Depuis une vingtaine d’années, l’apport des nouvelles technologies a modifié en profondeur la scène théâtrale et avec elle, le jeu de l’acteur. Désormais les corps de chair y côtoient fréquemment les corps synthétiques ou hybrides, créant des corporéités mixtes, «mi-chair, mi-calcul» (Couchot) dont l’équilibre varie selon les choix esthétiques des artistes (metteurs en scène, acteurs, concepteurs du spectacle). Que devient l’acteur dans cette confrontation avec la scène transformée? Quelles techniques de jeu ces nouvelles modalités scéniques imposent-elles aux performeurs? Comment les esthétiques nouvelles qui dérivent de ces mutations conjuguent-elles la juxtaposition du charnel et du virtuel? Comment se déploie, dans ce contexte, la présence du performeur? Comment se gère son énergie? Son rapport à la voix? À l’espace? Au temps? Au mouvement?
Le colloque que nous envisageons sera consacré à ces questions et, plus particulièrement, aux formes d’interaction entre l’acteur et les technologies sur la scène, quelque forme qu’elles revêtent (écrans, caméras, micros…) afin de montrer en quoi ces interférences bouleversent les théories du jeu qui ont prévalu jusqu’ici.

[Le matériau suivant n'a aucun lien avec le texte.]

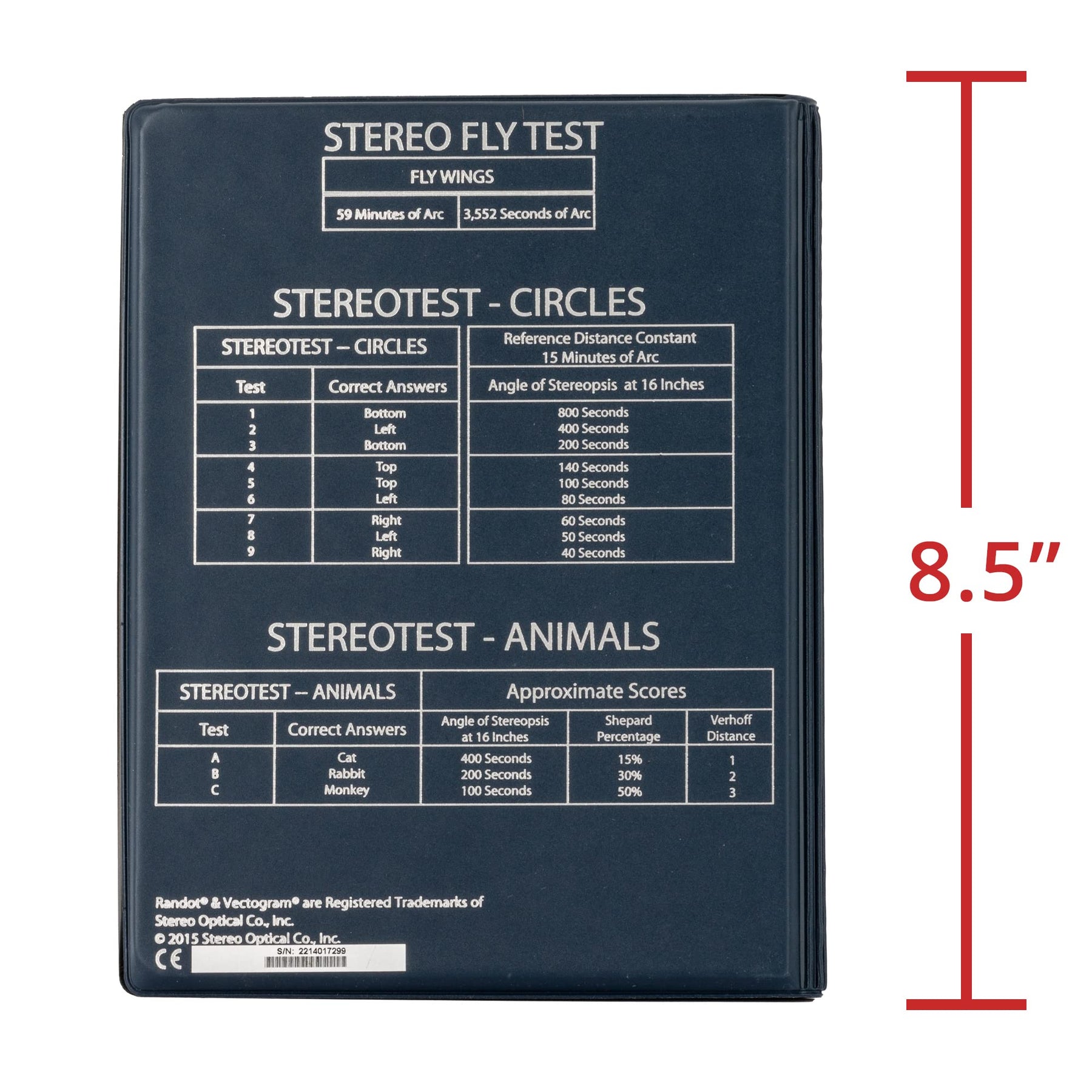 The Stereo Fly Tests provide an easily administered check of stereoscopic depth perception at any age level. Its purpose is to measure how minutely the two eyes can discern differences in the distances of objects from the observer. Other depth determinants such as size, overlapping, perspective, etc. must be excluded to demonstrate the integrity of the fusion mechanism. Stereo Optical’s Vectogram is an ideal medium for this test. Without introducing instruments or lenses or prisms, the images for the right eye and left eye may be superposed, and stereoscopic disparities introduced in graded steps.
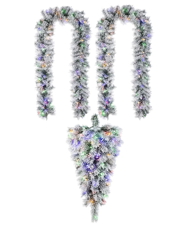 Glitzhome Pre-Lit Snow Flocked Greenery Pine Christmas Teardrop and Matched Garlands, Set of 3
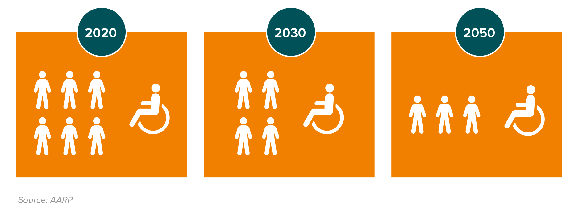 By 2030, there will be 34% fewer professional caregivers available per senior and by 2050, 50% fewer caregivers.
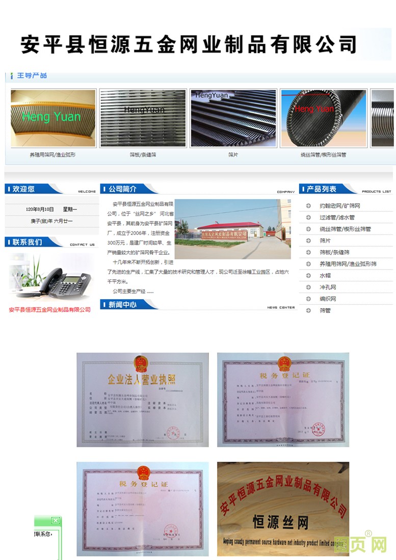 安平縣恒源五金網(wǎng)業(yè)制品有限公司,位于全國著名的“絲網(wǎng)之鄉(xiāng)” 河北省安平縣,其前身為安平縣礦篩網(wǎng)廠,成立于2006年,注冊資金300萬元,是建廠時間較早、生產(chǎn)銷量較大的礦篩網(wǎng)骨干企業(yè)。
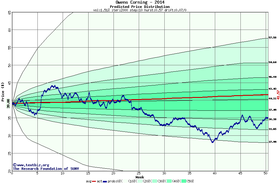 The following graph plots the year-to-date performance of the stock for 2014 compared to the probability calculated by a random walk model.
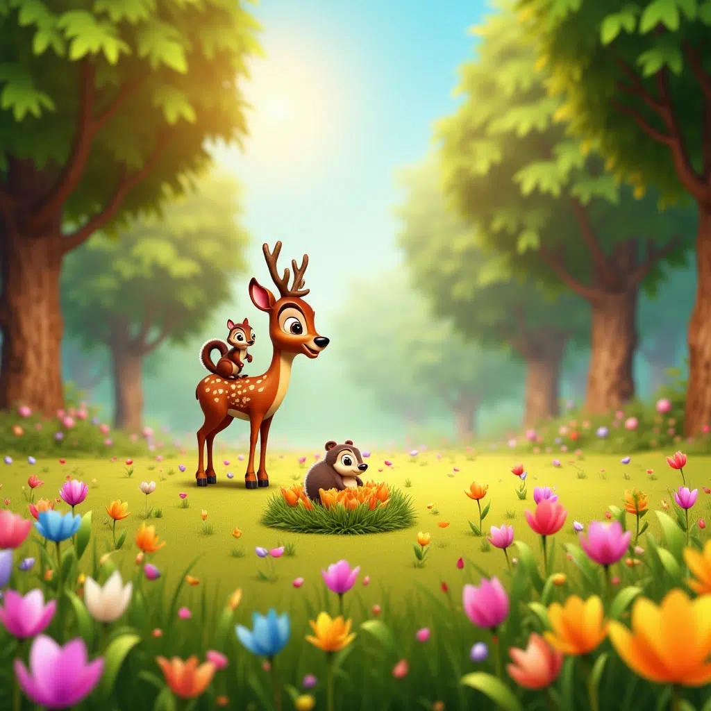 Veverica, ptičica i ježić su se okupili oko njega. „Tvoj cvet nije izgubljen, Bambi,“ rekla je ptičica. „On je pronašao novi dom među svojim prijateljima, baš kao i ti danas.“
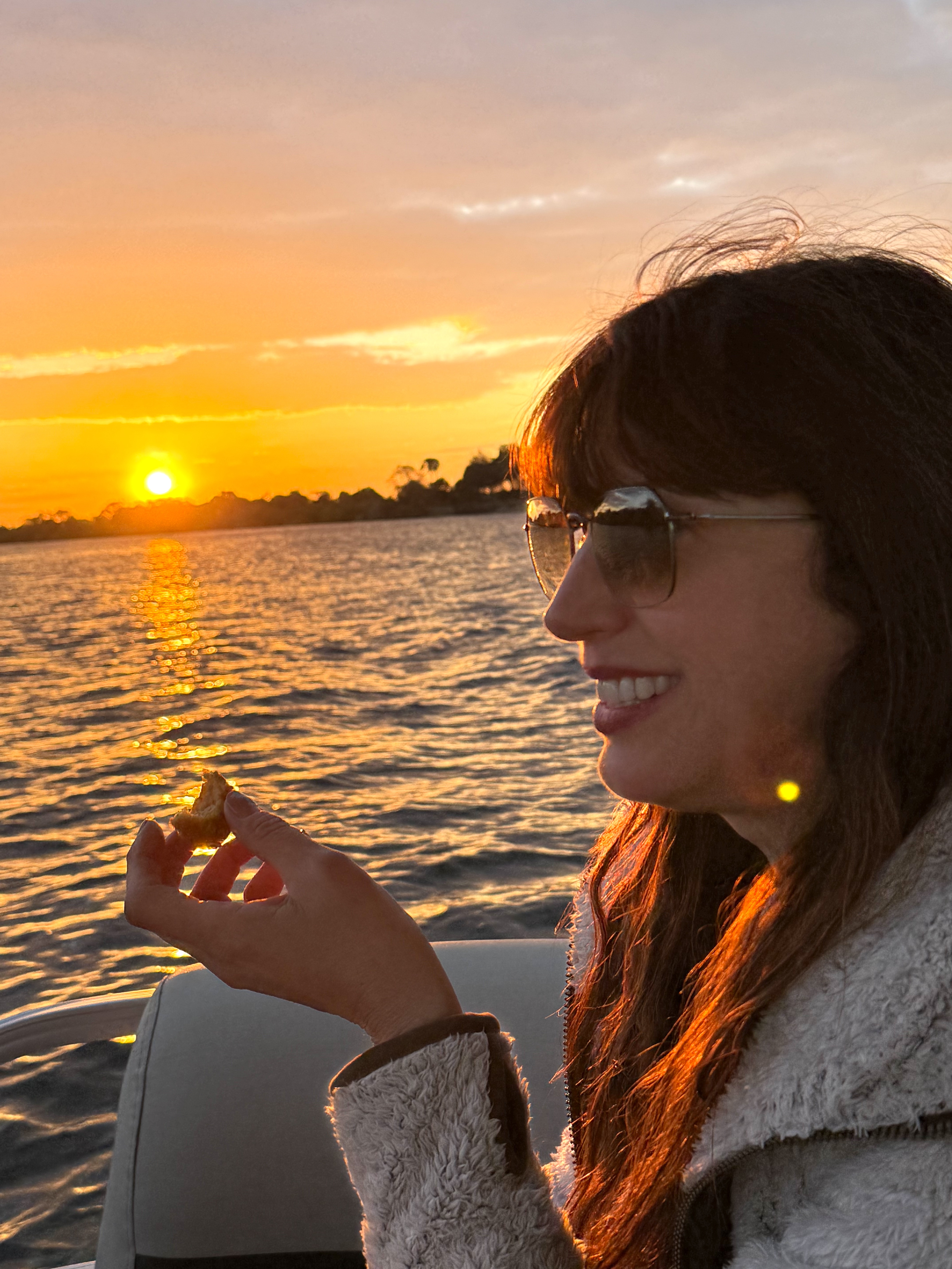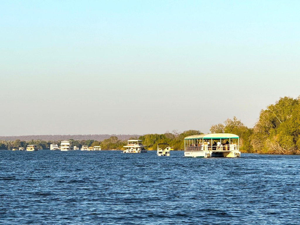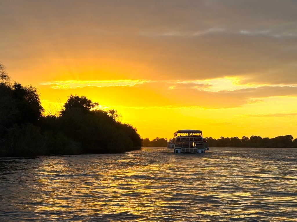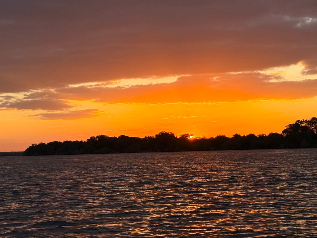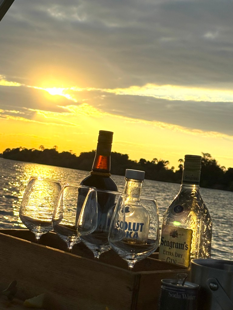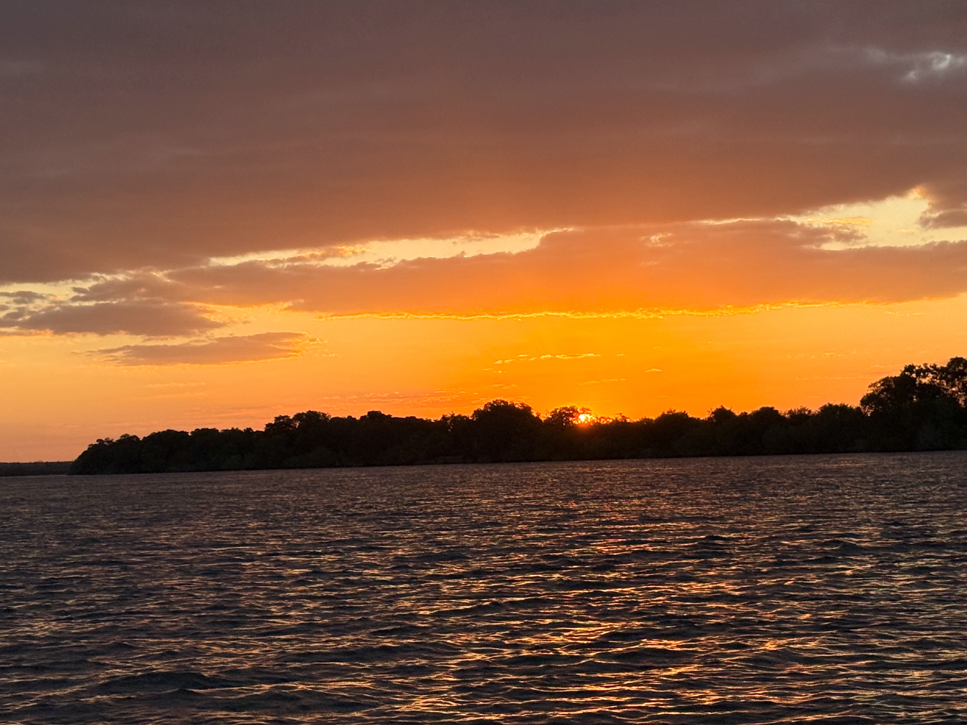 Yes, we were joined on the river by a local Crocodile on the day we headed out for a “sundowner”, the best way to see the sun set on the river – and both countries!

Face aux nouveaux dispositifs scéniques, l’acteur se voit contraint de développer des stratégies de travail inédites, lesquelles doivent mener à un jeu souple naviguant entre présence réelle et présence médiatisée. Le metteur en scène lui-même, développant de véritables talents de vidéastes, voire de cinéastes, se trouve au coeur de ce travail de création (FC Bergman, Bud Blumenthal, Guy Cassiers, Romeo Castellucci, Pippo Delbono, Heiner Goebbels, Ivo van Hove, John Jesurun, William Kentridge, Elizabeth Lecompte du Wooster Group, Robert Lepage, Caden Manson et Jemma Nelson du Big Art Group, Simon McBurney de Complicite, Denis Marleau, Katie Mitchell, Fabrice Murgia, Markus Öhrn, Jean-François Peyret, Alain Platel, Jay Scheib, Cyril Teste, Wim Vandekeybus, Marianne Weems, Kris Verdonck ainsi que les compagnies Berlin, CREW, Forced Entertainment, Gob Squad, Motus, Ontroerend Goed, Rimini Protokoll, Station House Opera… pour n’en citer que quelques uns). Aidé de tous ses collaborateurs, et du travail du comédien qui demeure au centre de la scène, il traduit le dialogue des corps (charnels et virtuels) en formes de présences scéniques modifiées, en altérations de l’art de dire. Comment se déclinent ces modifications au jeu scénique? Ont-elles une incidence sur les fondements du jeu d’acteur tel que véhiculé par des approches plus traditionnelles?
Confrontées à ces changements qui touchent la scène contemporaine, comment réagissent les écoles de formation de l’acteur? Demeurent-elles fidèles à une certaine conception plus traditionnelle du jeu corporel et de l’interprétation des textes? Comment négocient-elles la mutation des formes de jeu? Si toute une mouvance artistique modifie l’intégration de la présence de l’acteur en scène – et par le fait même son implication lors du travail de création – ne faut-il pas repenser la formation de l’acteur?